Non-recurring costs of transition
Reorganising things costs money. It was when the UK government referred to Patrick’s work suggesting a typical Whitehall departmental reorganisation costs £15-20 million, and aggregated it up, that he was moved to object. But as a cost of an individual organisational change the figure is certainly not excessive. To give a Scottish example, Audit Scotland described the cost of reorganising the Scottish police service as follows:
“The Financial Memorandum estimated the total cost of implementing police reform would be £137 million by 2016/17 with the majority of spending (£95 million, 69 per cent) expected to occur in 2013/14 and 2014/15. The legislation required the Scottish Government to outline the costs of restructuring. These are expected to account for about 20 per cent of total reform costs (£29 million) with the remaining costs expected to be incurred from investments to deliver wider aspects of reform.”
It might, I suppose, be possible to reorganise an entire government for another £60 million or so more than it cost to reform the Scottish police service, with its 20,000 or so employees. But the comparison suggests that an estimate of £200 million for non-recurring costs is on the low side.
Additional costs that necessarily flow from independence
The big money, however, is in costs that keep on running year after year. Of course it will cost money to have a head of state, a Treasury, a foreign service and so on. But a cursory glance at the UK’s accounts will confirm that these high profile government functions are not the most expensive. The heavy costs are to be found in running the big departments. In Scotland, many of these already devolved, so additional costs there should be minimal.
The two big government functions that would have to be set up for Scotland are tax collection and benefit payment. Iain Maclean’s estimates of these are, in my view, broadly plausible.
Here is why: both tax collection and benefit payment are excellent examples of organisations with a substantial fixed cost, and a relatively low marginal cost. One more taxpayer in the Pay As You Earn system, or one more old age pension to be paid, does not make a proportional addition to the overall cost of running the system. In other words there are economies of scale. No one has done the work to make any detailed estimate of the fixed and variable costs of each organisation. But it’s easy enough to make plausible estimates. Those chartered accountants whom Iain admires do this kind of arithmetic all the time.
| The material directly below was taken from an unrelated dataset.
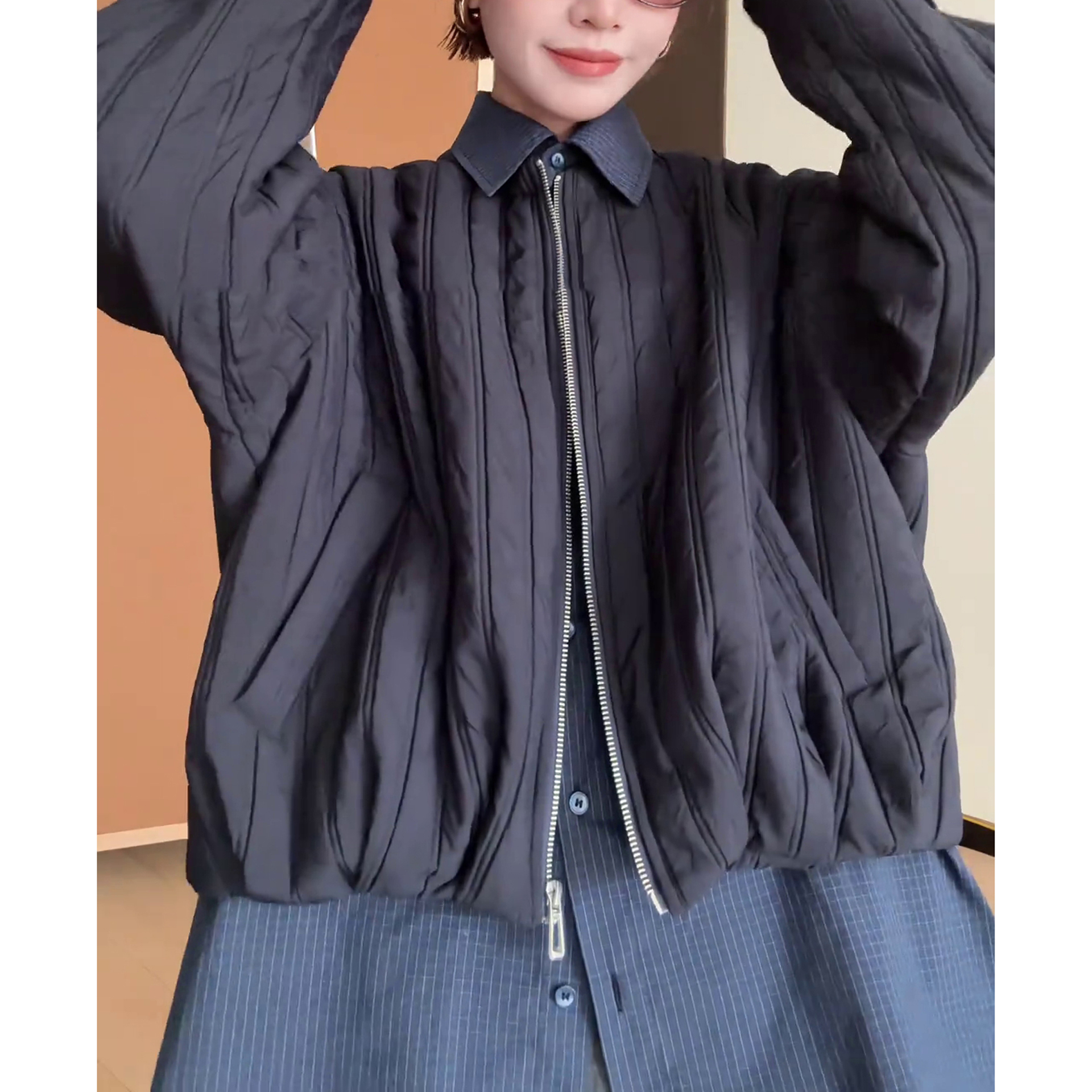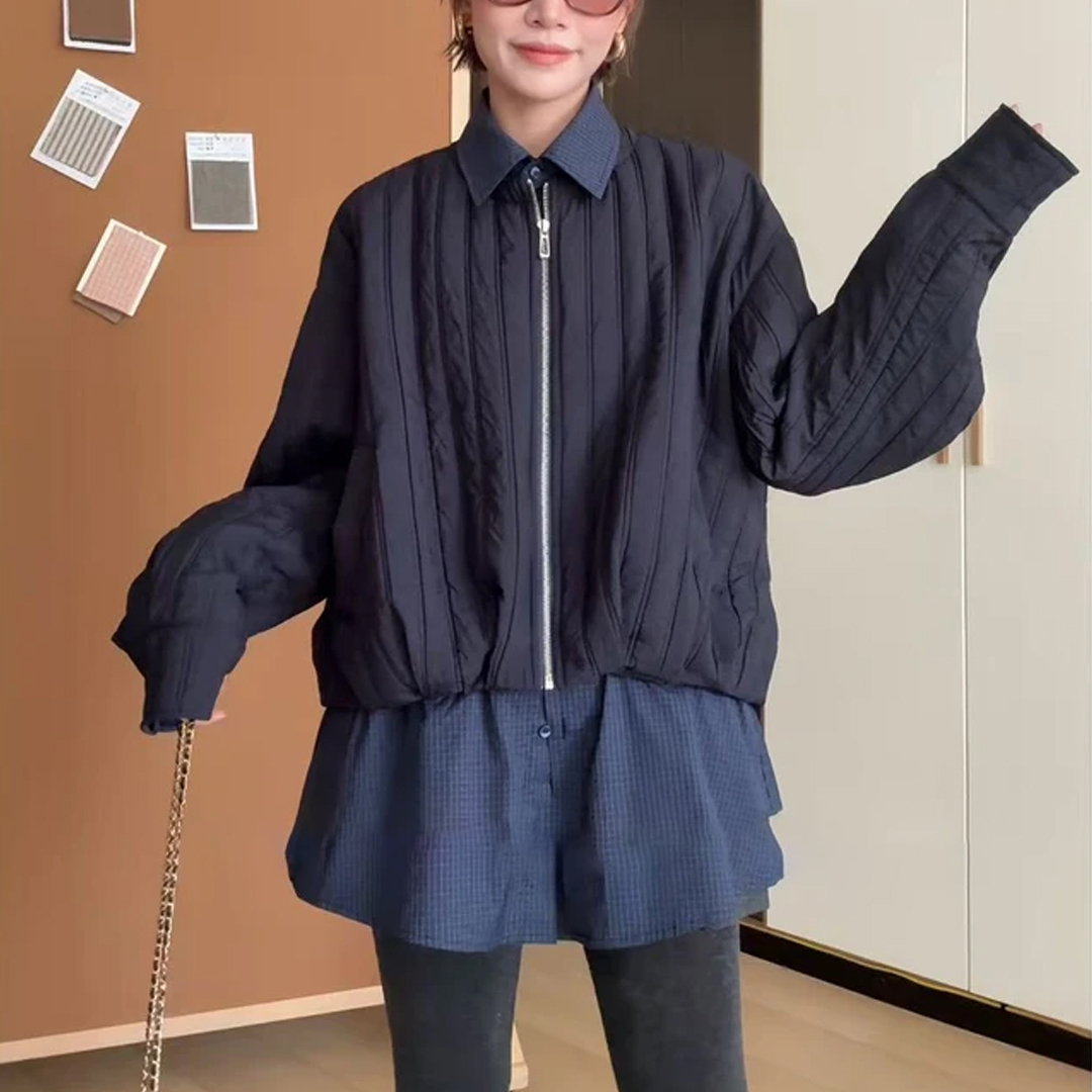 秋季新款拼接格子假两件休闲棉衣

In broad terms, the running costs of HMRC are just under £4 billion a year. Scotland’s per capita share of that (used today to make estimates of Scotland’s overall fiscal balance) is something over £300 million. But due to of the economies of scale, it cannot be expected that a separate Scottish tax system could collect all the taxes raised in Scotland today at that cost. If only 20% of the cost of the tax system is fixed rather than variable, then the total cost of running a tax system in Scotland would be just under £1 billion a year. Not very far away from what the accountants estimate and not wholly unlike what, as Patrick says, John Swinney privately thinks.
Similarly, the cost of running the Department of Work and Pensions is about £6.6 billion a year. Do the same arithmetic, and you get benefit administration costs plausibly at £1.5 billion a year. So running costs for these two new Scottish departments can plausibly be estimated at £2.5 billion a year, an addition of over £1.5bn.
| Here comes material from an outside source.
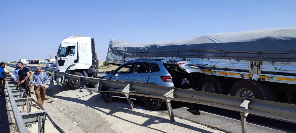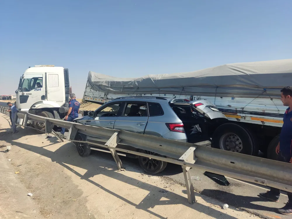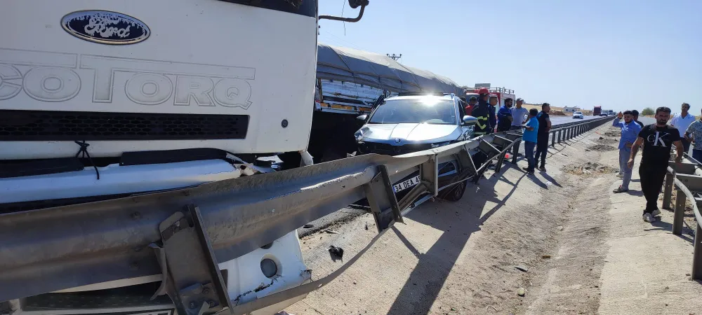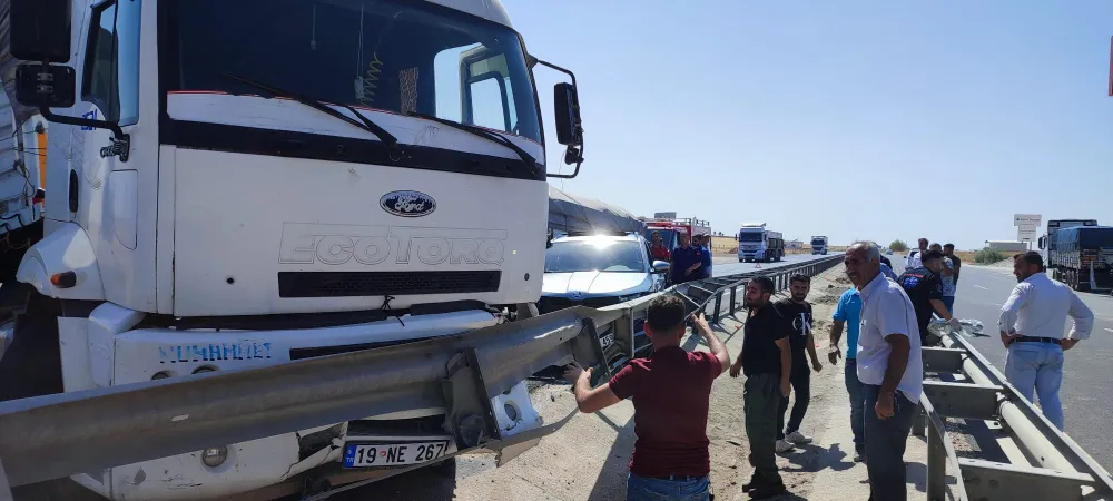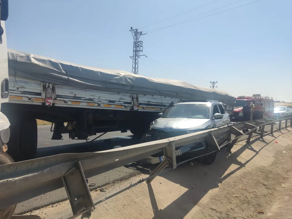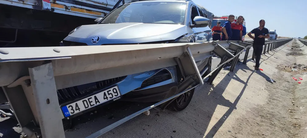 Sürücülerin ismi öğrenilmeyen 19 NE 267 plakalı Tır ile aynı yöne giden 34 DEA 459 plakalı otomobille yandan çarparak demir bariyerlere sıkıştırarak durabildi. Kazada otomobil içinde bulunan 2 kişi yaralandı.
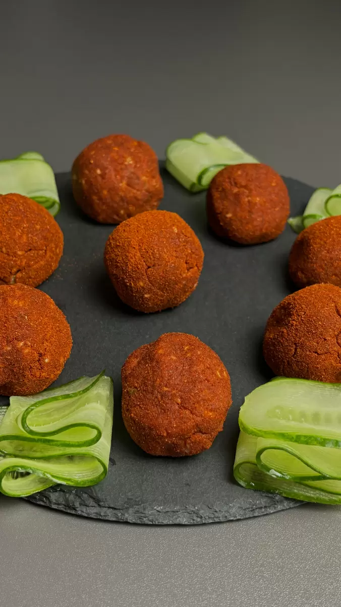 Шаг 3: Смешайте филе форели, чечевицу, кунжут и мяту. Скатайте из этой массы небольшие шарики и обваляйте их в паприке.

Of course one can hope that Scotland might do this work more cheaply, and Patrick seems to think it would. But there is little basis for that hope, as Scotland will inherit UK tax obligations and benefit profiles.
Another even more significant set of costs has been estimated in detail, this time by the Treasury, based on work by the National Institute for Social and Economic Research: an independent Scotland as a new state would inevitably find its borrowing costs higher than the UK’s. There are several effects going on here. First there is the lack of a track record of repayment. Maybe that could be overcome in time, though starting off by refusing to take on a share of UK debt would not be the best way to create a positive image in the markets. Then there is a liquidity effect–there would be less Scottish debt, and it might not be so easily traded as UK gilts. Finally there is the overall fiscal position of an independent Scotland, which would be a heavy borrower. The Treasury estimates suggest that this effect would quickly produce unsustainably large deficits, unless immediate and substantial fiscal adjustments were made.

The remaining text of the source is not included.